PASSALACQUA WINERY: Dry Creek Valley, just across the one lane bridge (think about crossing it with a bunch of drunks) on Lambert Bridge Road. Particularly nice whites. Best picnic area in the valley. Unfortunately the yellow jackets found us there too. I guess, there’s something about the smell of fermenting grapes and my pimento cheese sandwiches. RATING: 3 goblets and a can of Raid with DDT

The best thing about wine country, other than the wine, is the opportunity to picnic in some of the prettiest spots in California. And, for us southerners, it isn’t a picnic without pimento cheese sandwiches. There are as many pimento cheese recipes as there are southern cooks. My mother used to mix hers up by putting it through a big iron meat grinder that clamped on the end of the kitchen table, but that was before God gave us the Cuisinart. Hers was really good. I think mine is better.

DYNAMITE PIMENTO CHEESE SANDWICHES

2 cups shredded extra sharp cheddar cheese
2 cups shredded sharp white cheddar cheese
1/2 cup roasted pimento peppers (canned is fine)
1 cup mayonnaise
1/4 teaspoon red pepper (scant)
1/2 teaspoon sugar
Dash of salt to taste
White sandwich bread

Shred cheeses using shredder disc of food processor.

Put cheeses in bowl of food processor with blade attachment and process until pulverized.

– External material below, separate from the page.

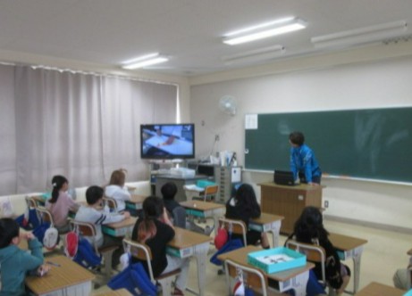 栄養教諭の先生から、給食場で働く調理員さんたちの様子について紹介してもらいました。

Add pimento a bit at a time, processing until well mixed.

Add mayonnaise, process until smooth.

Add red pepper, sugar and salt, process until well mixed.

Transfer to lidded container and refrigerate.

May be used immediately, but is best when flavors are allowed to blend for at least 24 hours.

For sandwiches, stick with tradition. Use plain white loaf bread. Trim the crusts and cut in half on the diagonal. Delicious with lemonade or a bottle of chilled Alma Rosa Rose. (Also very good spread on slices of apple, but you didn’t hear it from me.)